But that doesn't mean they're careless or shallow.

Right. I completely agree.

However, if every single person I had come to know in the past few years was absent-minded and forgetful, I would begin to suspect that it wasn't just an issue of a few individuals doing that by nature, wouldn't you? In the exact same way, I used to think that it was just the individuals who were that way by nature, but when my experience has been the exact same across the board for several years, with countless individuals, that's what is making me think it is more than a personality quirk on their end.

river said:
Alternatively, they're just not good friends. If they're in a position to reciprocate and often do that to others but fail to meet your needs and expectation because of their egocentrism, laziness and what not ... then they're not good friends.

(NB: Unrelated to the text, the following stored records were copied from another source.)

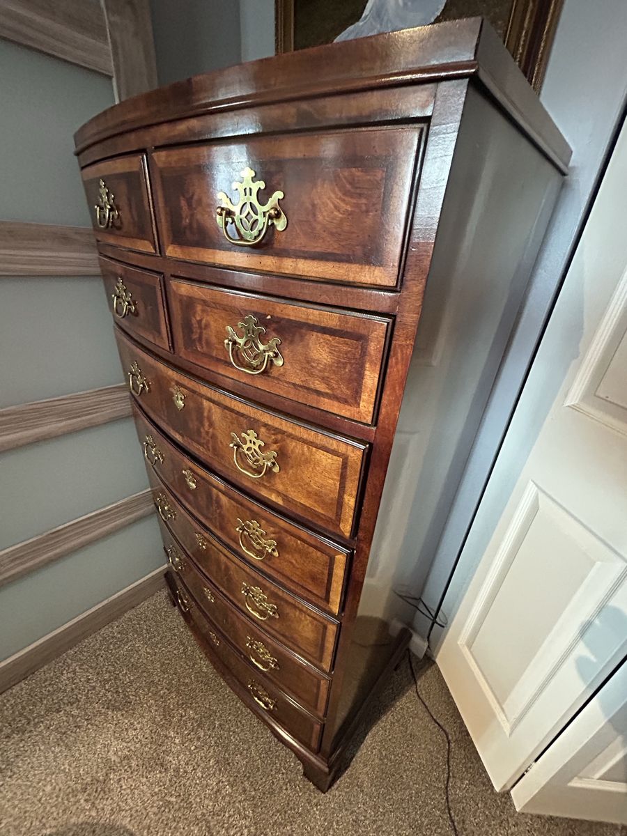 VenmoVintage Henredon Burled or Banded Mahogany 9 Drawers Chippendale Style High Chest Dresser
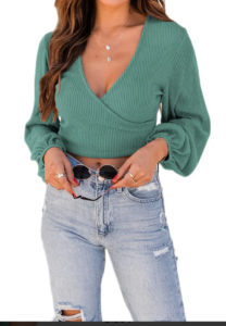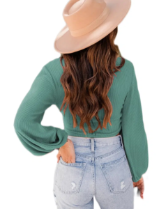 Cute Crop Top Long Sleeve Solid Sexy Slim Top Shirt Drawstring Ruched T-Shirts, Women’s Clothing
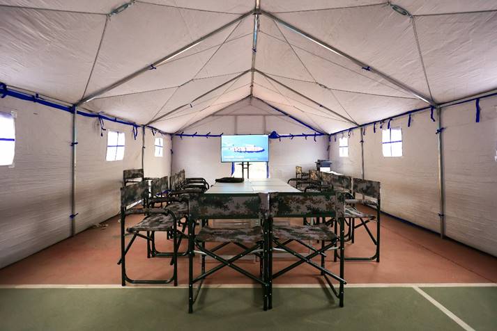 开班仪式后,由培训中心老师对演练脚本进行详细讲解,结合全体队员专业进行分组,并根据演练过程中可能涉及到的现场应急救治技术(如通气、止血、包扎、固定、搬运)进行现场培训教学,并在演练现场进行了帐篷搭建、设备布置等工作。
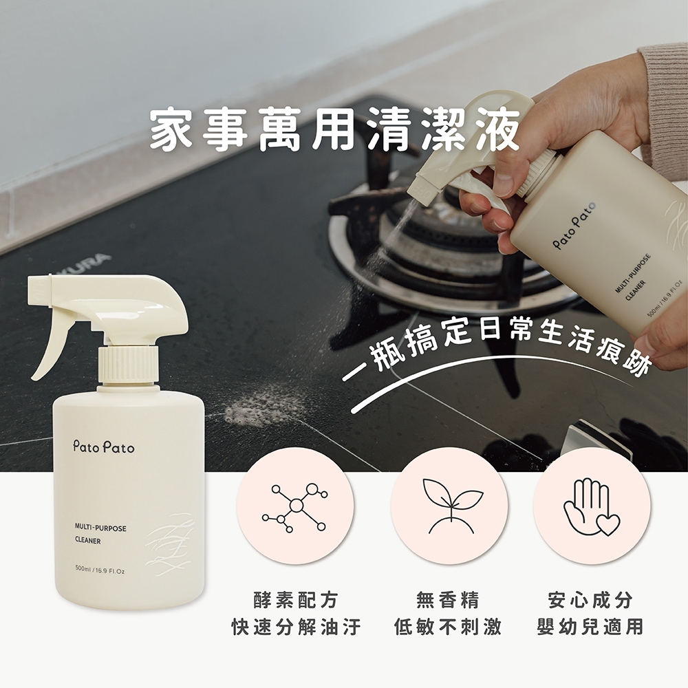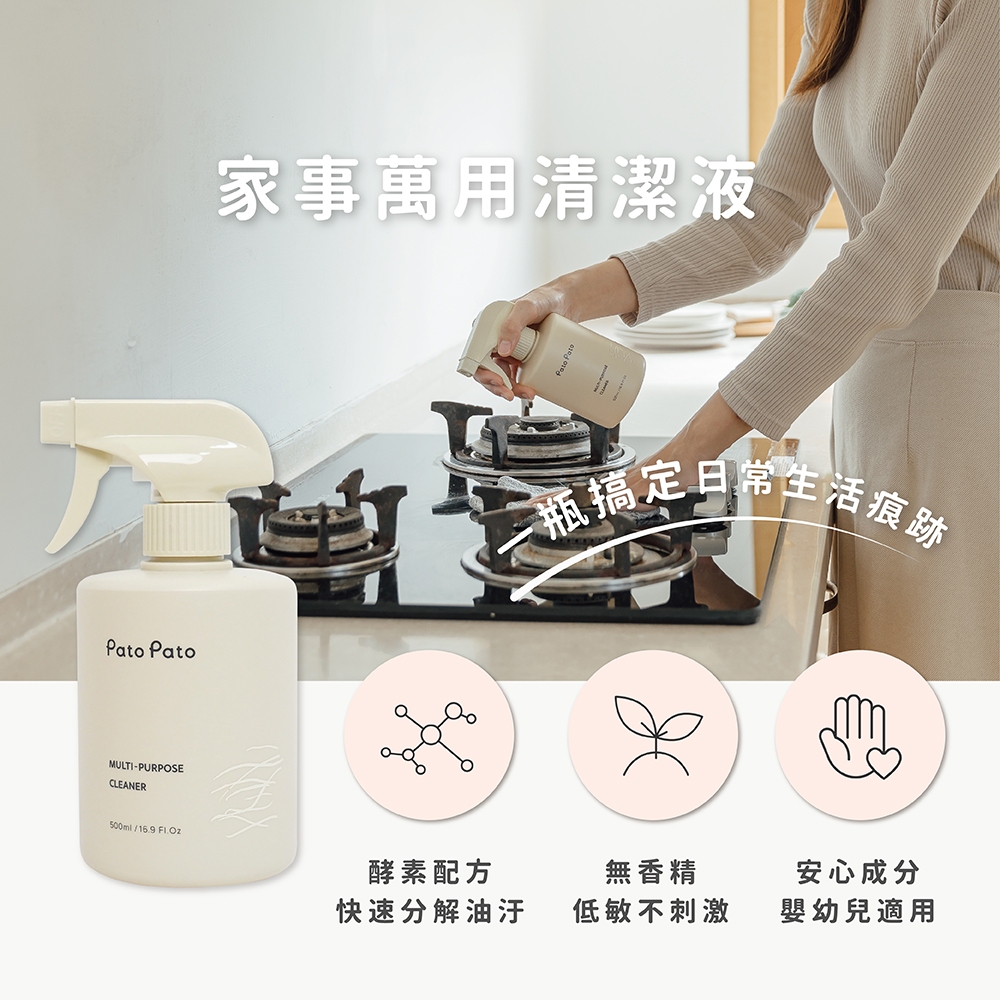 【Pato Pato】家事萬用清潔液500ml|油汙救星|天然酵素配方|SGS驗證|歐盟環保標升級版家事萬用清潔液500ml|升級版-家事500ml+30mlCleaning AgentsPato Pato 官方旗艦館 / 巧拼地墊 / 酵素清潔液 / 台灣製造

Earlier you mentioned something about how the word "friends" is overused when people usually mean "acquaintences", and I strongly agree. These people are not "friends" to me, they are acquaintences, and I am, though my actions, seeking to deepen these relationships into friends. So they are neither good friends nor bad friends, they may simply be acquaintences who don't have the time, emotional energy, or interest in becomming closer friends, and that's okay. However I wouldn't think that everyone would be included in one or more of those categories, and over the years in my experience everyone I know and have met has turned out to be so. That's what I don't understand. That's what I'm confused about, that's what I'm trying to fix. For a long time I thout it was just a matter of individuals, that the right ones would come along eventually and all would be well. But it's been so long and I've known so many people that it seems there is a greater disconnect at work here and that's what I'm trying to break through.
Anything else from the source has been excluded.